YOUR OBJECTIVE: In this exercise, retype exactly and only the lines from the top of the entries below through the line that holds "Vischer-Stich mit der", omitting pictures.

[Saved entries]
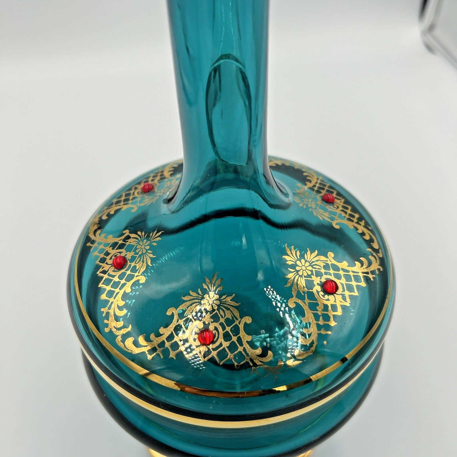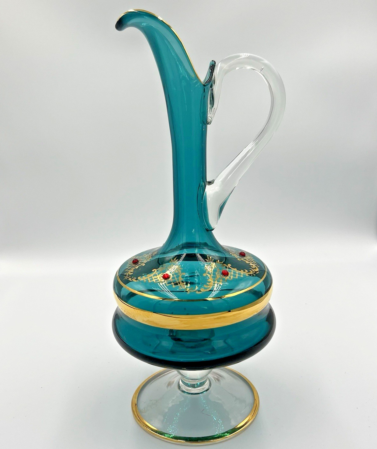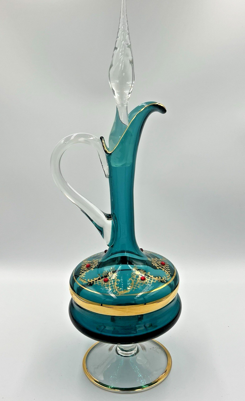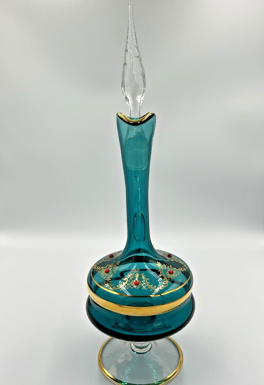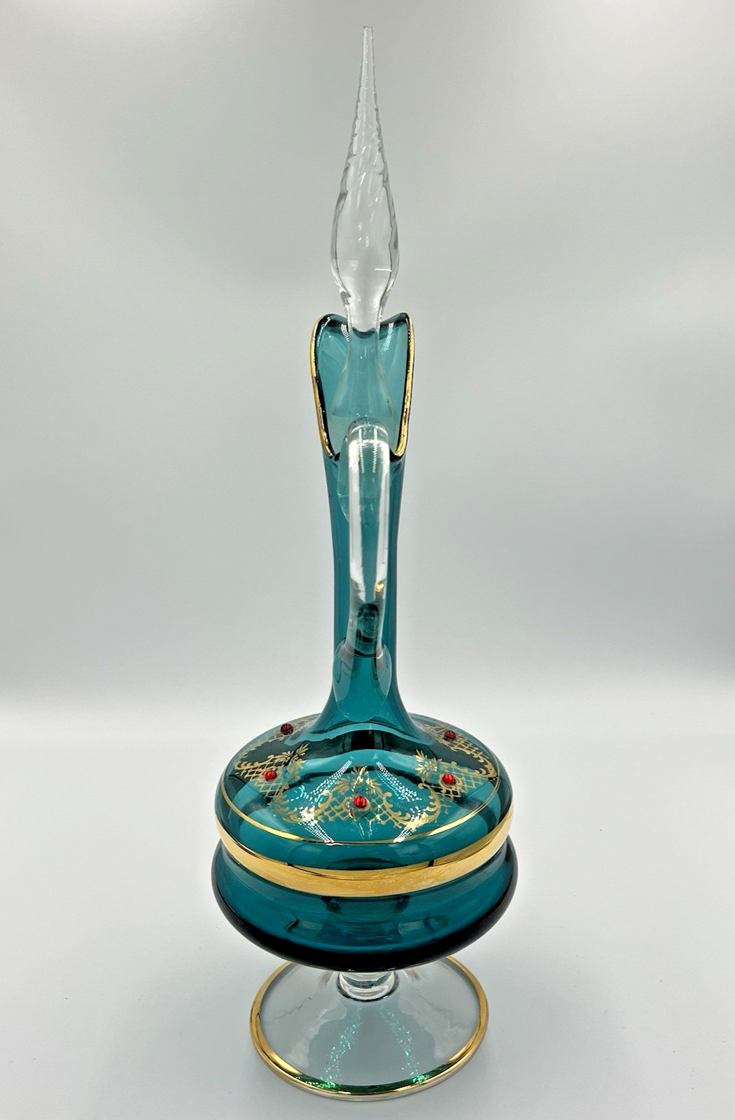 VTG Empoli Venetian Teal Blue Gold Genie Bottle Decanter 5 Glasses Stopper
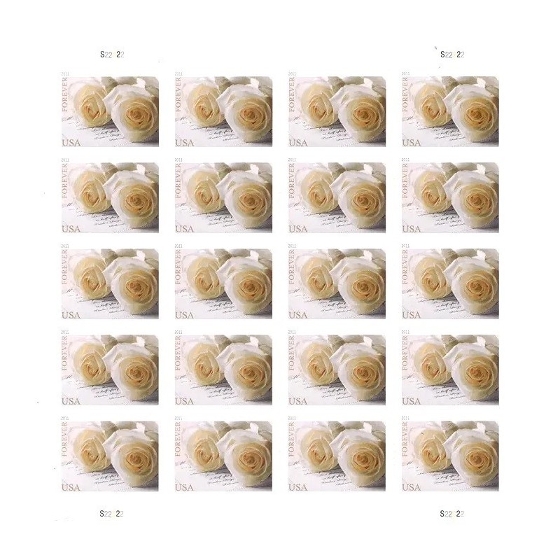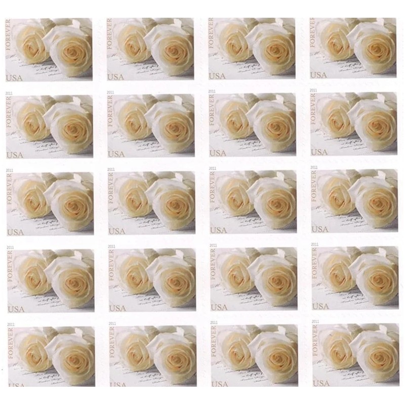 100 FOREVER STAMPS 5 SHEETS White Rose Wedding Invitations
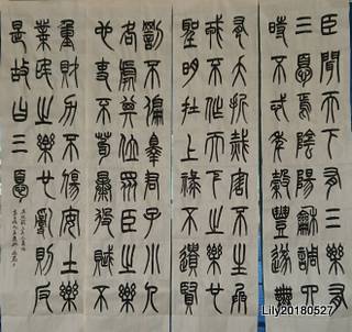 臨吳讓之的〈三樂三憂帖〉時,刻意將字體放大,12*15公分,寫大字是目前所欠缺,因此有意練大字,以友生昌的「得心應手」筆寫,剛開始第一聯真的很生疏,用慣了蕙風堂的「大如意」,換成「得心應手」,真的不好掌控,不過寫到第二聯第三聯,就熟悉多了。
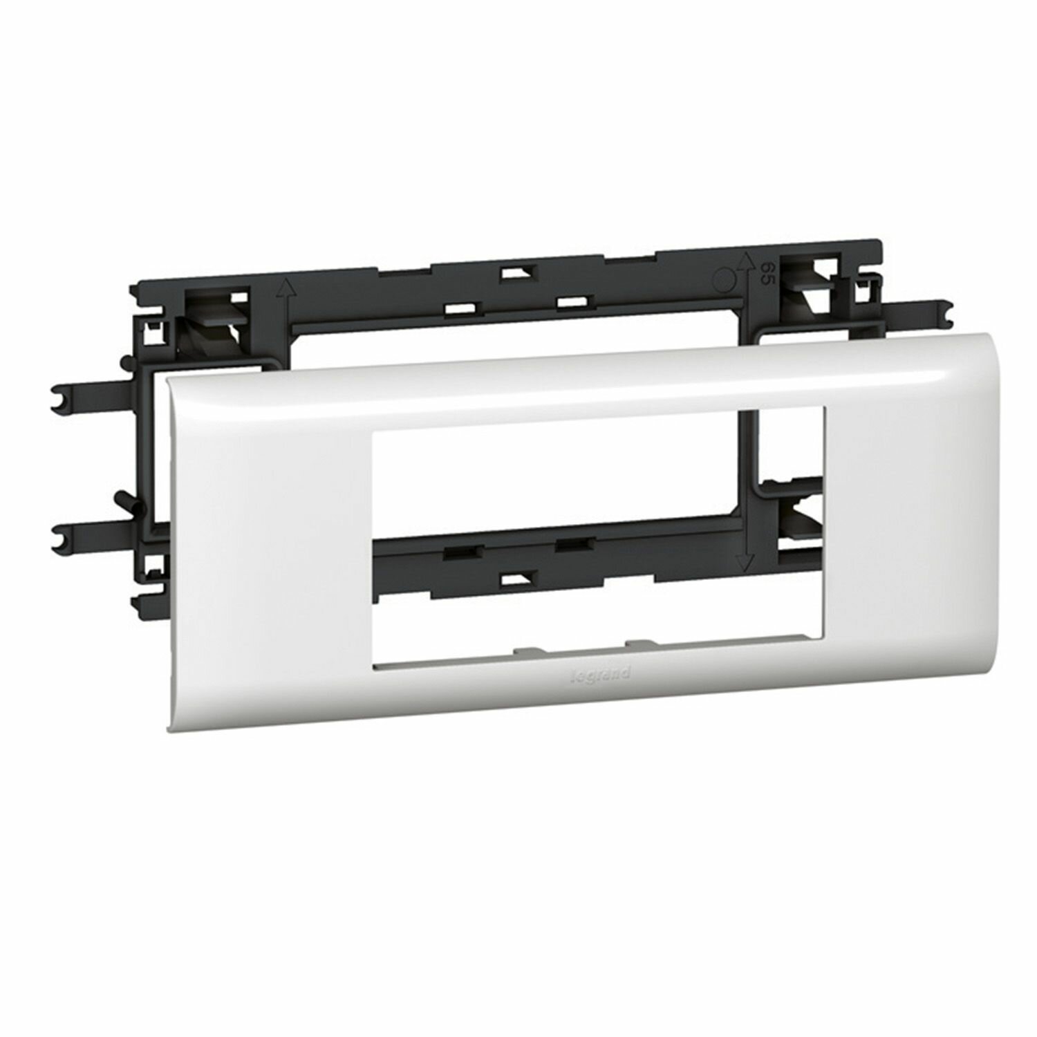Розетка с заземлением с защитными шторками на клеммах 16А 4 модуля в сборе суппортом и рамкой для установки в кабель-канал DLP с крышкой 65мм Legrand
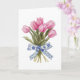Cette élégante carte de vœux présente une superbe illustration d'un bouquet de tulipes roses vibrantes, attachées ensemble avec un délicat ruban bleu de style chinoiserie orné de motifs floraux complexes. Le fond doux et crémeux rehausse les couleurs vives des fleurs et les détails complexes du ruban, créant un design intemporel et sophistiqué parfait pour toutes les occasions. Que vous envoyiez des vœux d'anniversaire, exprimiez votre gratitude ou simplement égayiez la journée de quelqu'un, cette belle carte dégage un charme et une attention délicate, ce qui en fait un choix charmant pour vos proches.
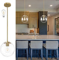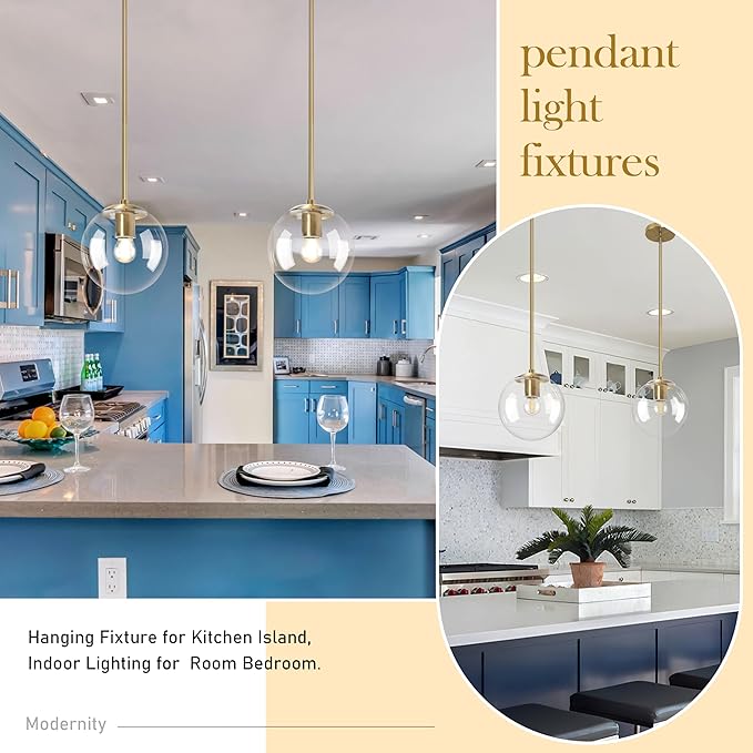 8" Globe Pendant Light Gold Mid Century Modern Light Fixture Clear Glass Pendant Lights Kitchen Island Modern Pendant Lights Brushed Brass Finished with Clear Glass Lampshade for Bedroom
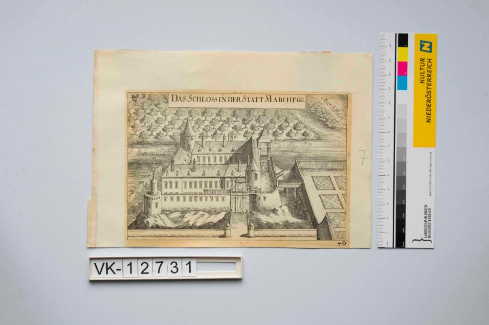 Vischer-Stich mit der Darstellung des Schlosses in Marchegg, Bildtext: "DAS SCHLOSS IN DER STATT MARCHEGG"
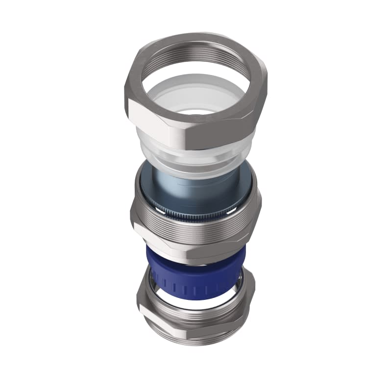 Oltre all’esigenza di un solido ancoraggio del raccordo sulla guaina, esiste anche la necessità di rendere stagna ed inamovibile (in caso di strappo o trazione) l’accoppiamento raccordo-cavo elettrico proveniente da canaline, cassette, motori, quadri elettrici, ecc.\rIl raccordo risolve brillantemente ambedue le necessità. L’ancoraggio del raccordo sulla guaina è garantito con la medesima efficacia che contraddistingue l’ancoraggio di tutti i raccordi CM, inoltre il particolare gommino pressacavo assicura sia la tenuta (da infiltrazioni di polvere e liquidi) che la protezione meccanica da eventuali strappi o trazioni del cavo stesso IP67.
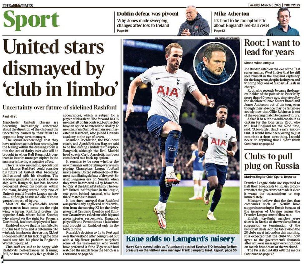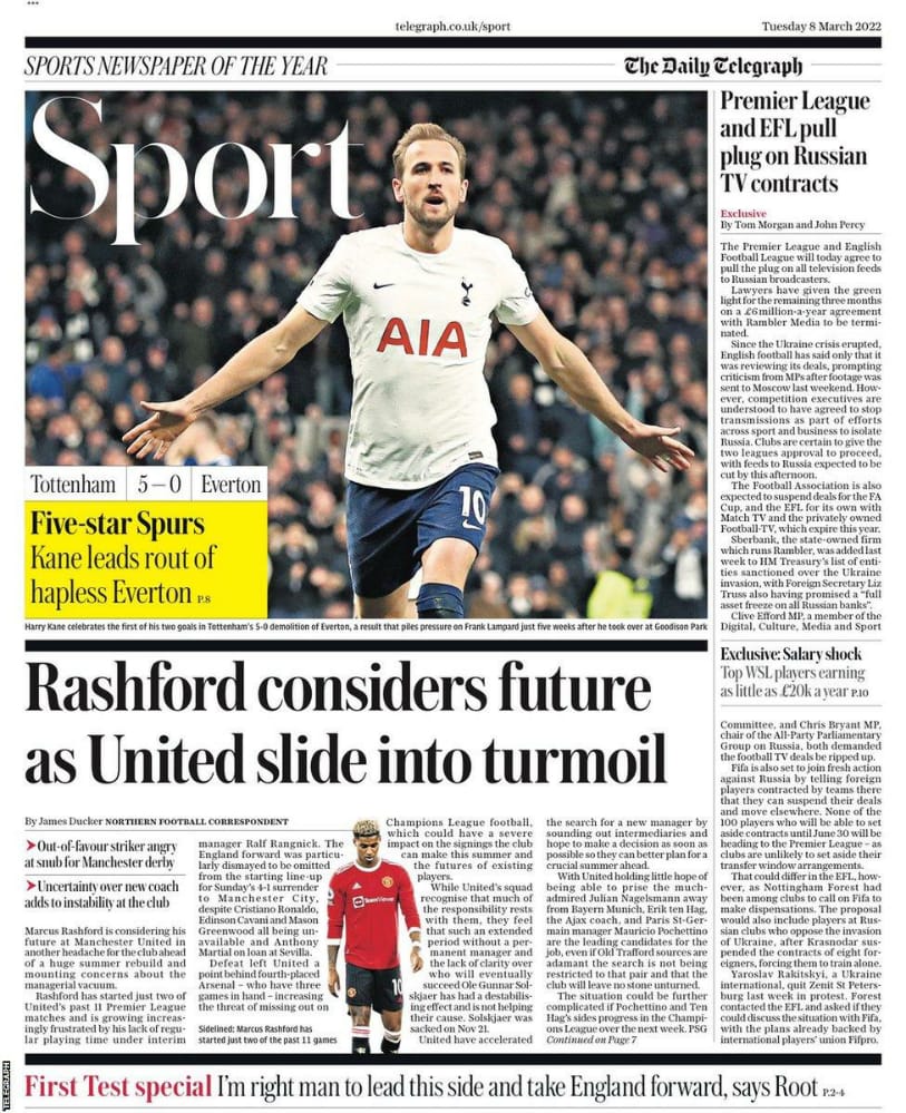 أشارت صحيفة تيليجراف في غلافها إلى غموض مستقبل ماركوس راشفورد مع مانشستر يونايتد، حيث قالت: راشفورد يرى مستقبله مع مانشستر يونايتد في حالة غموض.

YOUR RESPONSE:
 VTG Empoli Venetian Teal Blue Gold Genie Bottle Decanter 5 Glasses Stopper
 100 FOREVER STAMPS 5 SHEETS White Rose Wedding Invitations
 臨吳讓之的〈三樂三憂帖〉時,刻意將字體放大,12*15公分,寫大字是目前所欠缺,因此有意練大字,以友生昌的「得心應手」筆寫,剛開始第一聯真的很生疏,用慣了蕙風堂的「大如意」,換成「得心應手」,真的不好掌控,不過寫到第二聯第三聯,就熟悉多了。
Розетка с заземлением с защитными шторками на клеммах 16А 4 модуля в сборе суппортом и рамкой для установки в кабель-канал DLP с крышкой 65мм Legrand
Cette élégante carte de vœux présente une superbe illustration d'un bouquet de tulipes roses vibrantes, attachées ensemble avec un délicat ruban bleu de style chinoiserie orné de motifs floraux complexes. Le fond doux et crémeux rehausse les couleurs vives des fleurs et les détails complexes du ruban, créant un design intemporel et sophistiqué parfait pour toutes les occasions. Que vous envoyiez des vœux d'anniversaire, exprimiez votre gratitude ou simplement égayiez la journée de quelqu'un, cette belle carte dégage un charme et une attention délicate, ce qui en fait un choix charmant pour vos proches.
 8" Globe Pendant Light Gold Mid Century Modern Light Fixture Clear Glass Pendant Lights Kitchen Island Modern Pendant Lights Brushed Brass Finished with Clear Glass Lampshade for Bedroom
 Vischer-Stich mit der Darstellung des Schlosses in Marchegg, Bildtext: "DAS SCHLOSS IN DER STATT MARCHEGG"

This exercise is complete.